* [EXERCISE DETAILS] Return each line of the listing below, unchanged, and omit the images.

* [DATASET EXTRACT]

· · · · · · ·

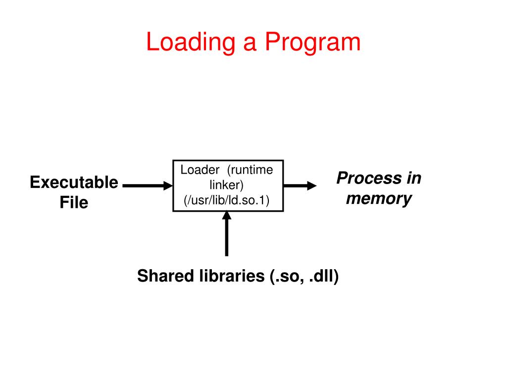 Loading a Program Loader (runtime linker) (/usr/lib/ld.so.1) Process inmemory Executable File Shared libraries (.so, .dll)
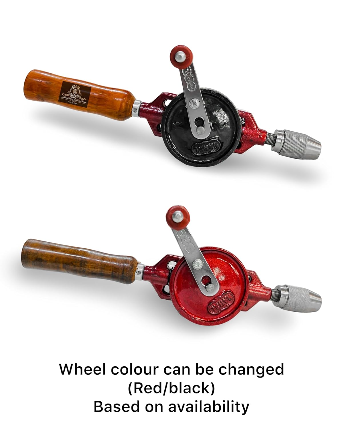 Johnson Tools Nahal 1/4'' Hand Drill Machine with Wooden Handle (Color - Red, Size - 6mm)
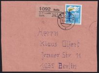 1968, Paketgebührenmarke der Selbstbedienungs-Postämter auf Paketverpackungsausschnitt mit Zf.

· · · · · · ·

* [SOLUTION TO THE PROBLEM]
 Loading a Program Loader (runtime linker) (/usr/lib/ld.so.1) Process inmemory Executable File Shared libraries (.so, .dll)
 Johnson Tools Nahal 1/4'' Hand Drill Machine with Wooden Handle (Color - Red, Size - 6mm)
 1968, Paketgebührenmarke der Selbstbedienungs-Postämter auf Paketverpackungsausschnitt mit Zf.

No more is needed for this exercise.